HW 03 - Road traffic accidents

In this assignment we’ll look at traffic accidents in Edinburgh. The data are made available online by the UK Government. It covers all recorded accidents in Edinburgh in 2018 and some of the variables were modified for the purposes of this assignment.

Getting started

**IMPORTANT:** If there is no GitHub repo created for you for this assignment, it means I didn't have your GitHub username as of when I assigned the homework. Please let me know your GitHub username asap, and I can create your repo.

Go to the course GitHub organization and locate your homework repo, which should be named hw-03-accidents-YOUR_GITHUB_USERNAME. Grab the URL of the repo, and clone it in RStudio. First, open the R Markdown document hw-03.Rmd and Knit it. Make sure it compiles without errors. The output will be in the file markdown .md file with the same name.

Warm up

Before we introduce the data, let’s warm up with some simple exercises.
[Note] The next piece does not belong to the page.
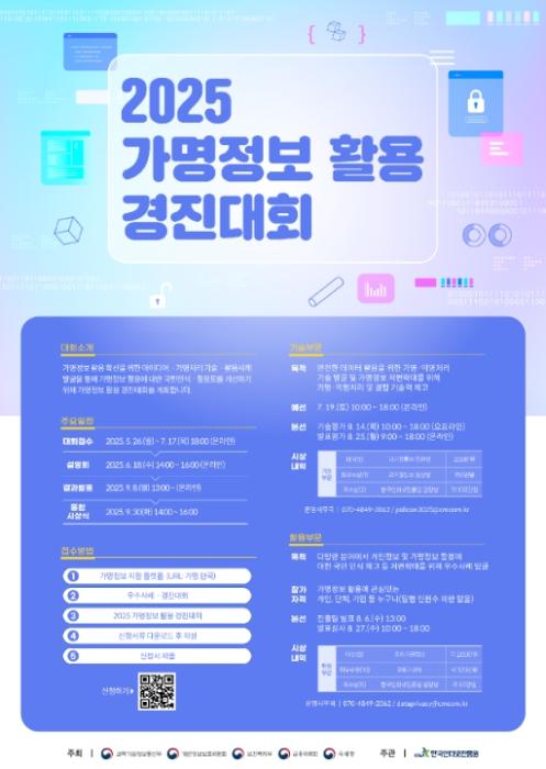 [종합뉴스채널, 최한수기자] 과학기술정보통신부와 개인정보보호위원회는 ‘2025 가명정보 활용 경진대회’ 참가작을 오는 5월 26일부터 7월 17일까지 접수한다고 밝혔다.

  • Update the YAML, changing the author name to your name, and knit the document.
  • Commit your changes with a meaningful commit message.
  • Push your changes to GitHub.
  • Go to your repo on GitHub and confirm that your changes are visible in your Rmd and md files. If anything is missing, commit and push again.

Packages

We’ll use the tidyverse package for much of the data wrangling and visualisation and the data lives in the dsbox package. These packages are already installed for you. You can load them by running the following in your Console:

library(tidyverse)
library(dsbox)

Data

The data can be found in the dsbox package, and it’s called accidents. Since the dataset is distributed with the package, we don’t need to load it separately; it becomes available to us when we load the package. You can find out more about the dataset by inspecting its documentation, which you can access by running ?accidents in the Console or using the Help menu in RStudio to search for accidents. You can also find this information here.

Exercises

  1. How many observations (rows) does the dataset have? Instead of hard coding the number in your answer, use inline code.
**Tired of typing your password?** Chances are your browser has already saved your password, but if not, you can ask Git to save (cache) your password for a period of time, where you indicate the period of time in seconds. For example, if you want it to cache your password for 1 hour, that would be 3,600 seconds. To do so, run the following *in the Console*: `usethis::use_git_config(credential.helper = "cache --timeout=3600")`. If you want to cache it for a longer time, you can adjust the number of seconds in the code.
  1. Run View(accidents) in your Console to view the data in the data viewer. What does each row in the dataset represent?

🧶 ✅ ⬆️ Knit, commit, and push your changes to GitHub with an appropriate commit message. Make sure to commit and push all changed files so that your Git pane is cleared up afterwards.

  1. Recreate the following plot, and describe in context of the data. In your answer, don’t forget to label your R chunk as well (where it says label-me-1). Your label should be short, informative, shouldn’t include spaces, and shouldn’t shouldn’t repeat a previous label.

🧶 ✅ ⬆️ Knit, commit, and push your changes to GitHub with an appropriate commit message. Make sure to commit and push all changed files so that your Git pane is cleared up afterwards.

  1. Create another data visualisation based on these data and interpret it. You can choose any variables and any type of visualisation you like, but it must have at least three variables, e.g. a scatterplot of x vs. y isn’t enough, but if points are coloured by z, that’s fine. In your answer, don’t forget to label your R chunk as well (where it says label-me-2).

🧶 ✅ ⬆️ Knit, commit, and push your changes to GitHub with an appropriate commit message. Make sure to commit and push all changed files so that your Git pane is cleared up afterwards and review the md document on GitHub to make sure you’re happy with the final state of your work.